Description of the task: From top to bottom, print the listing word for word and skip any pictures it contains.

Given data:
Segment Open

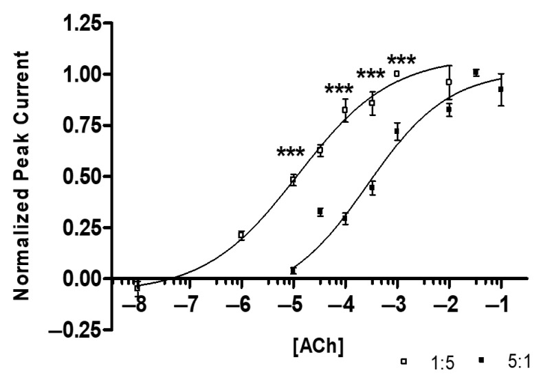 Figure 4. Acetylcholine (ACh) Dose–Response Curves: 1:5 (α3:β2) EC50 = 12.2 ± 1.7 μM, nH = 0.49 ± 0.13 (R2 = 0.74) (n = 14 oocytes, replicates of 4, 1 individual data point identified as an outlier and removed), 5:1 (α3:β2) EC50 = 263.8 ± 1.6 μM, nH = 0.55 ± 0.15 (R2 = 0.77) (n = 12 oocytes, replicates of 4, 2 individual data points outliers). Grubb’s outlier tests were used for outliers (alpha = 0.05). The 1:5 injected ratio has a minimum response at ~100 nM and an Emax at ~1000 µM ACh. The 5:1 injected ratio has a minimum response at ~10 µM and an Emax at ~33 mM ACh (ANOVA, F[15,258] = 54.644, *** p < 0.001).
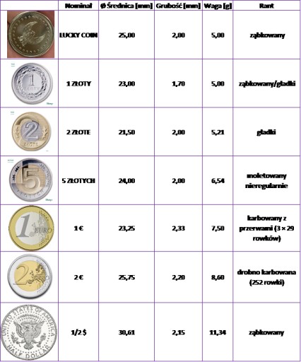 - Wielkością jest zbliżona do popularnych monet EUR, PLN, USD
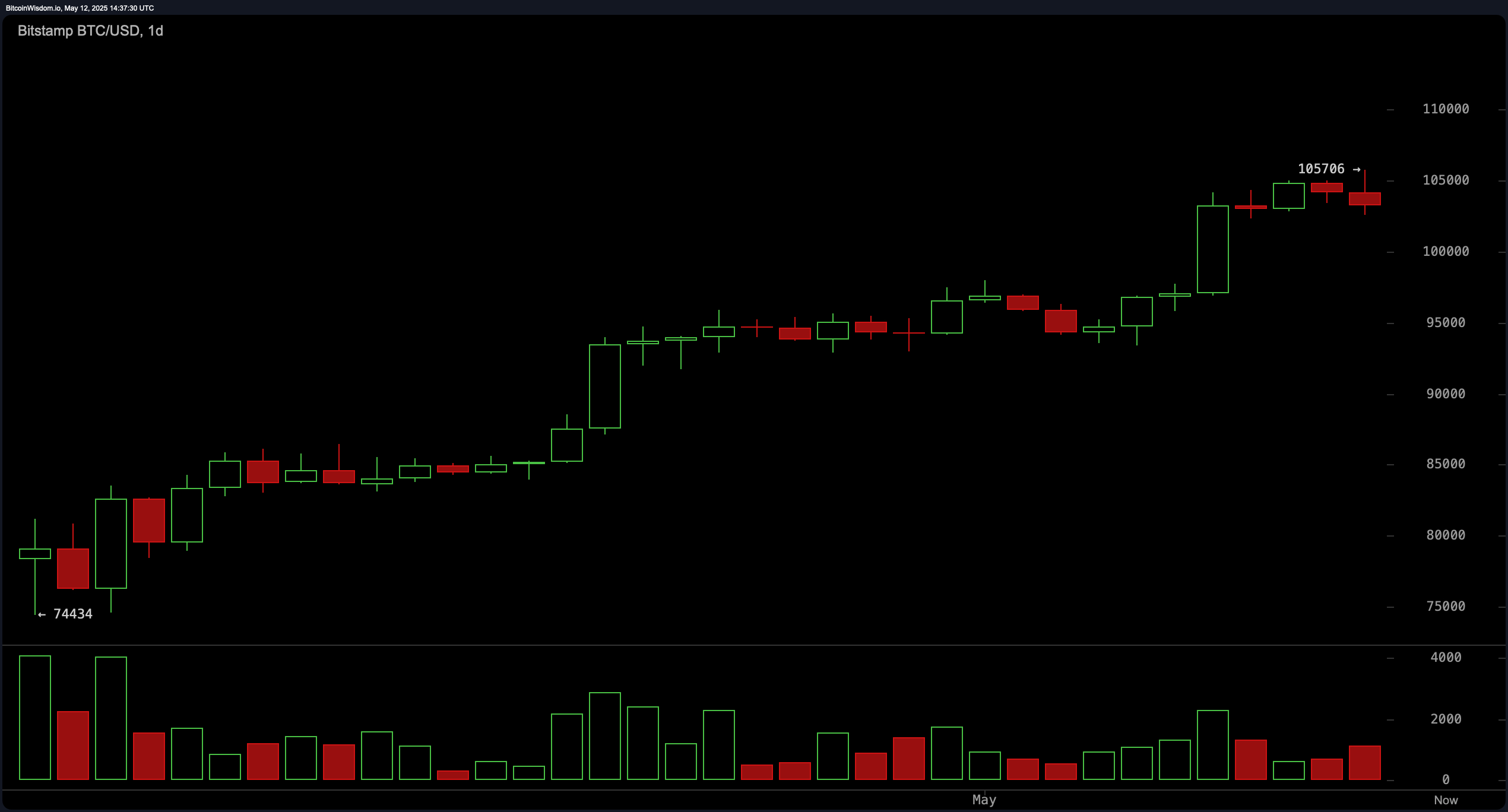 BTC/USD daily chart on May 12, 2025.

Segment Closed

Solution for this task:
 Figure 4. Acetylcholine (ACh) Dose–Response Curves: 1:5 (α3:β2) EC50 = 12.2 ± 1.7 μM, nH = 0.49 ± 0.13 (R2 = 0.74) (n = 14 oocytes, replicates of 4, 1 individual data point identified as an outlier and removed), 5:1 (α3:β2) EC50 = 263.8 ± 1.6 μM, nH = 0.55 ± 0.15 (R2 = 0.77) (n = 12 oocytes, replicates of 4, 2 individual data points outliers). Grubb’s outlier tests were used for outliers (alpha = 0.05). The 1:5 injected ratio has a minimum response at ~100 nM and an Emax at ~1000 µM ACh. The 5:1 injected ratio has a minimum response at ~10 µM and an Emax at ~33 mM ACh (ANOVA, F[15,258] = 54.644, *** p < 0.001).
 - Wielkością jest zbliżona do popularnych monet EUR, PLN, USD
 BTC/USD daily chart on May 12, 2025.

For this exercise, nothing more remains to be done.